- **Assignment**: Every line of the entries below from the one containing "日照 | 積雪 | 降雪 |" to the one containing "PKNM-6/1N/B/003-MW Wyłącznik kombinowany", both ends included, must be written out exactly. No other line belongs in the answer.

Data shown Block Start

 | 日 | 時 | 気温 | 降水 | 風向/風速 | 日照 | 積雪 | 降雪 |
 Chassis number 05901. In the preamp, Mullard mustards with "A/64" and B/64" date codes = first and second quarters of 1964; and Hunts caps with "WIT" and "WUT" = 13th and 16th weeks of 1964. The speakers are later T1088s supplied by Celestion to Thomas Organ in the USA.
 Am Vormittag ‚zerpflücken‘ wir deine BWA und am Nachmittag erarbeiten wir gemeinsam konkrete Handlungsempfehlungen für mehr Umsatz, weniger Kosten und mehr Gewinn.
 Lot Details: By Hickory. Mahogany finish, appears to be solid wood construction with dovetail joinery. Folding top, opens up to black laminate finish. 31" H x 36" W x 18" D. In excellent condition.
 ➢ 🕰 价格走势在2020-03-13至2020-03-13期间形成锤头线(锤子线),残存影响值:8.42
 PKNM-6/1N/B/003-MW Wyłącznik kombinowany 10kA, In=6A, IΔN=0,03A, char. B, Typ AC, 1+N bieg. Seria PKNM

Data shown Block End
Data shown Block Start

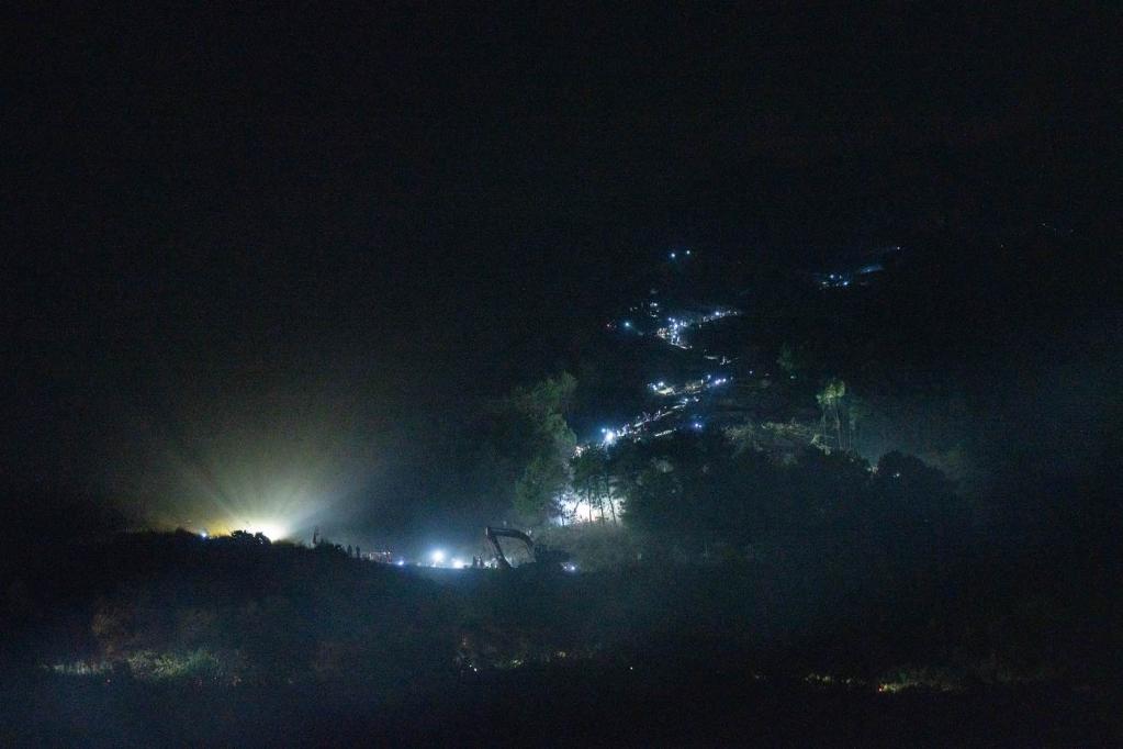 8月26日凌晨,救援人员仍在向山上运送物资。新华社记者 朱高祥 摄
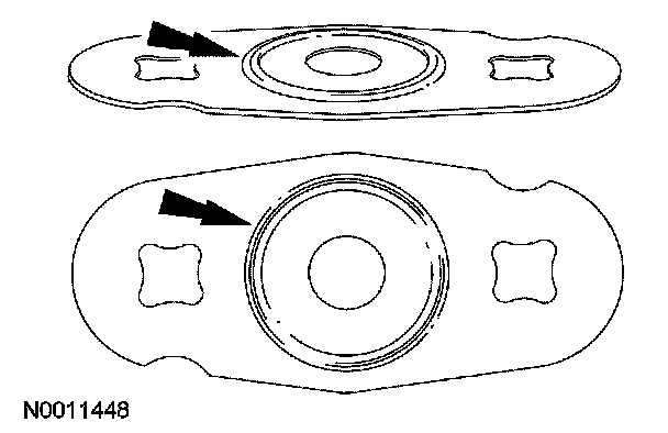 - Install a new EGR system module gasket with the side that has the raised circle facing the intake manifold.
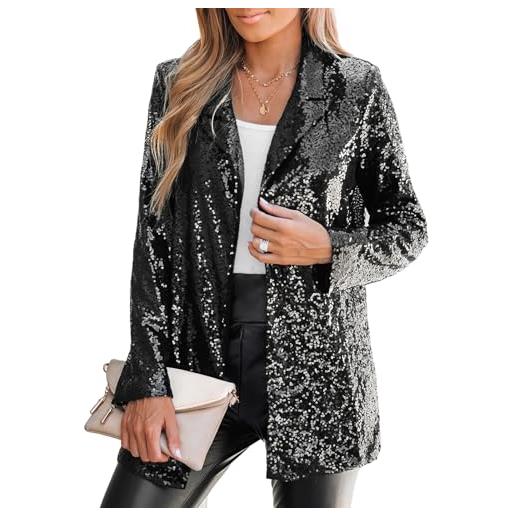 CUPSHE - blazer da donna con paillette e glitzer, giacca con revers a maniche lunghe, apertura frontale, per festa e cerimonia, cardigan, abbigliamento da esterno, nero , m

Data shown Block End

- **Written solution**:
 | 日 | 時 | 気温 | 降水 | 風向/風速 | 日照 | 積雪 | 降雪 |
 Chassis number 05901. In the preamp, Mullard mustards with "A/64" and B/64" date codes = first and second quarters of 1964; and Hunts caps with "WIT" and "WUT" = 13th and 16th weeks of 1964. The speakers are later T1088s supplied by Celestion to Thomas Organ in the USA.
 Am Vormittag ‚zerpflücken‘ wir deine BWA und am Nachmittag erarbeiten wir gemeinsam konkrete Handlungsempfehlungen für mehr Umsatz, weniger Kosten und mehr Gewinn.
 Lot Details: By Hickory. Mahogany finish, appears to be solid wood construction with dovetail joinery. Folding top, opens up to black laminate finish. 31" H x 36" W x 18" D. In excellent condition.
 ➢ 🕰 价格走势在2020-03-13至2020-03-13期间形成锤头线(锤子线),残存影响值:8.42
 PKNM-6/1N/B/003-MW Wyłącznik kombinowany 10kA, In=6A, IΔN=0,03A, char. B, Typ AC, 1+N bieg. Seria PKNM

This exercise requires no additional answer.